# Cologne Pics



## digger don (Apr 13, 2009)

This 1 is on ebay now


----------



## digger don (Apr 13, 2009)

pic 2


----------



## digger don (Apr 13, 2009)

pic 3


----------



## digger don (Apr 13, 2009)

pic 4


----------



## digger don (Apr 13, 2009)

pic 5


----------



## bottlediger (Apr 13, 2009)

Smash em or give em to doug

 Digger Ry


----------



## bottlediger (Apr 13, 2009)

Wait so these are your prized bottles ive been hearing about?

 Digger Ry


----------



## digger don (Apr 14, 2009)

Ry  It's not nice to smash these nice pontiled bottles.Your talking crazy!


----------



## digger don (Apr 14, 2009)

Here is another one Ryan  wanted to smash but I  grabbed it and brought it home . And Ryan its not nice to make fun of other people collections . Even if you do have the nicest bromo seltzer collection I've ever seen. LOL


----------



## digger don (Apr 14, 2009)

pic 2


----------



## GuntherHess (Apr 14, 2009)

When they dig diamonds up in South Africa they dont throw away the ones with flaws.


----------



## bottlediger (Apr 14, 2009)

Don makes fun of me for taking home broken pottery to put back togeather so I bust his balls on his broken cologne collection.

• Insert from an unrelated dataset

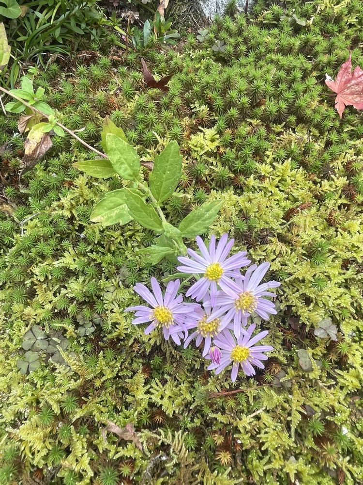 ⑤ 苔の上に 茎が伸びてきて ??の花が 清楚な感じで風情がありますね😉 シオンかなぁ?
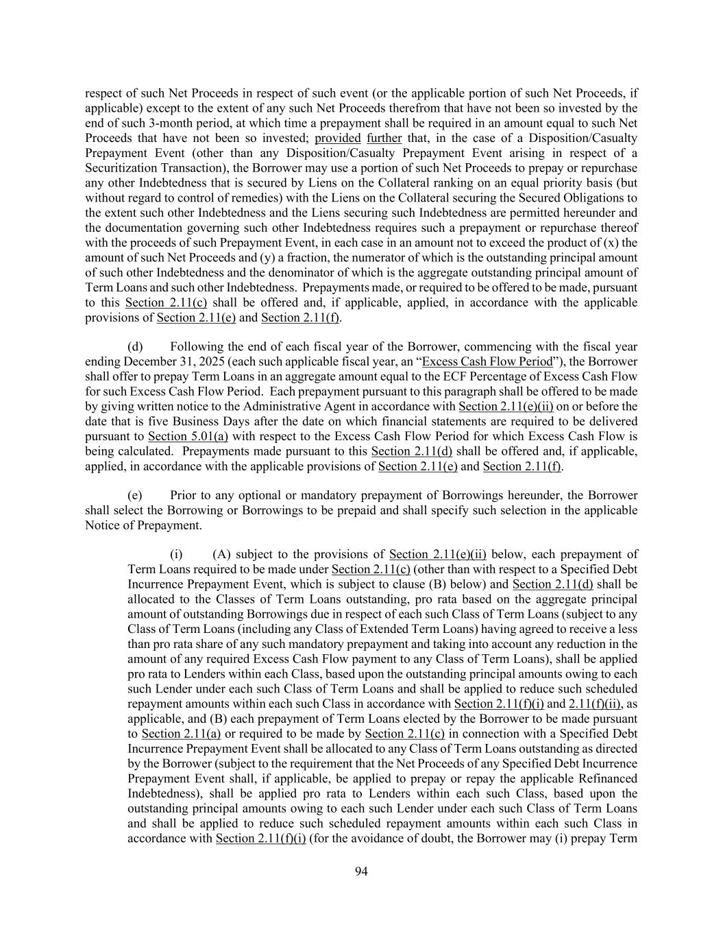 61 giving effect to control of remedies) with the liens on the Collateral securing the Initial Term Loans (i) having an Effective Yield for the respective Type of such Indebtedness that is less than (and not by virtue of any fluctuation in any “base” rate) the Effective Yield for the Initial Term Loans, and (ii) the proceeds of which are used to prepay (or, in the case of a conversion, deemed to prepay or replace), in whole or in part, outstanding principal of Initial Term Loans or (b) any amendment (or any mandatory assignment in connection with any such amendment) resulting in the effective reduction in the Effective Yield for the Initial Term Loans. Any determination by the Administrative Agent with respect to whether a Repricing Transaction shall have occurred shall be conclusive and binding on all Lenders holding the Initial Term Loans. “Required Additional Debt Terms” means, with respect to any Incremental Equivalent Debt and Acquisition Debt, (a) such Indebtedness does not mature earlier than the date that is 91 days after the Latest Maturity Date or have a Weighted Average Life to Maturity less than the greatest Weighted Average Life to Maturity of the then-existing Term Loans outstanding at the time of incurrence of such Indebtedness, (b) the terms of such Indebtedness in respect thereof do not provide for any mandatory prepayments, mandatory redemptions, mandatory commitment reductions, mandatory offers to purchase or mandatory sinking fund obligations prior to the Latest Maturity Date, other than customary prepayments, commitment reductions, repurchases, redemptions, defeasances, acquisitions or satisfactions and discharges, or offers to prepay, reduce, redeem, repurchase, defease, acquire or satisfy and discharge, in each case upon, a change of control, asset sale event or casualty, eminent domain or condemnation event, or on account of the accumulation of excess cash flow (in the case of loans or commitments), AHYDO Catch-Up Payments and customary acceleration rights upon an event of default, (c) except for any of the following that are applicable only to periods following the Latest Maturity Date, the covenants, events of default and other terms for such Indebtedness or commitments (excluding, for the avoidance of doubt, interest rates (including through fixed interest rates), interest rate margins, rate floors, fees, maturity, funding discounts, original issue discounts, currency type and denomination, and redemption or prepayment terms and premiums), when taken as a whole, are not materially more restrictive on Holdings, the Borrower and the Restricted Subsidiaries than the terms of this Agreement, when taken as a whole (provided that, if the documentation governing such Indebtedness or commitments contains any covenant or provision that is not included in this Agreement at such time, the Administrative Agent shall have been given prompt written notice thereof and this Agreement shall have been amended to include such covenant or provision for the benefit of each Credit Facility), (d) in the event that the Effective Yield for any Incremental Equivalent Debt is greater than the Effective Yield for the Initial Term Loans by more than 0.50% per annum, then the Applicable Rate for such Initial Term Loans shall be increased to the extent necessary so that the Effective Yield for such Initial Term Loans shall be equal to the Effective Yield with respect to such Incremental Equivalent Debt minus 0.50% per annum, (e) to the extent such Indebtedness is secured by any assets, such Indebtedness shall not be secured by any assets of a Loan Party other than the Collateral securing the Secured Obligations and shall be subject to the relevant Intercreditor Agreements and (f) to the extent such Indebtedness is incurred or guaranteed by any Loan Party, such Indebtedness shall not be guaranteed by any Person that is not a Loan Party (except to the extent such Indebtedness that is subject to the Required Additional Debt Terms is expressly permitted to be incurred by any Restricted Subsidiary that is not a Loan Party under Section 6.01(a)(xix)). “Required Class A Revolving Lenders” means, at any time after the Amendment No. 11 Effective Date, Class A Revolving Lenders having Class A Revolving Exposures and unused Class A Revolving Commitments representing more than 50.0% of the aggregate Class A Revolving Exposures and unused Class A Revolving Commitments at such time; provided that whenever there are one or more Defaulting Lenders, the total outstanding Class A Revolving Exposures and unused Class A Revolving Commitments of each Defaulting Lender shall be excluded for purposes of making a determination of Required Class A Revolving Lenders.

I think I have some nice colognes laying around here don if you want to trade for a nice soda or two[] And your right I am very jelouse of his screwtop bromo and broken milk top collection [:-]
 Hey you should post a link on the form with your nice blue OP utility so more people can see it, it should do a lot better than what its at.

 Digger Ry


----------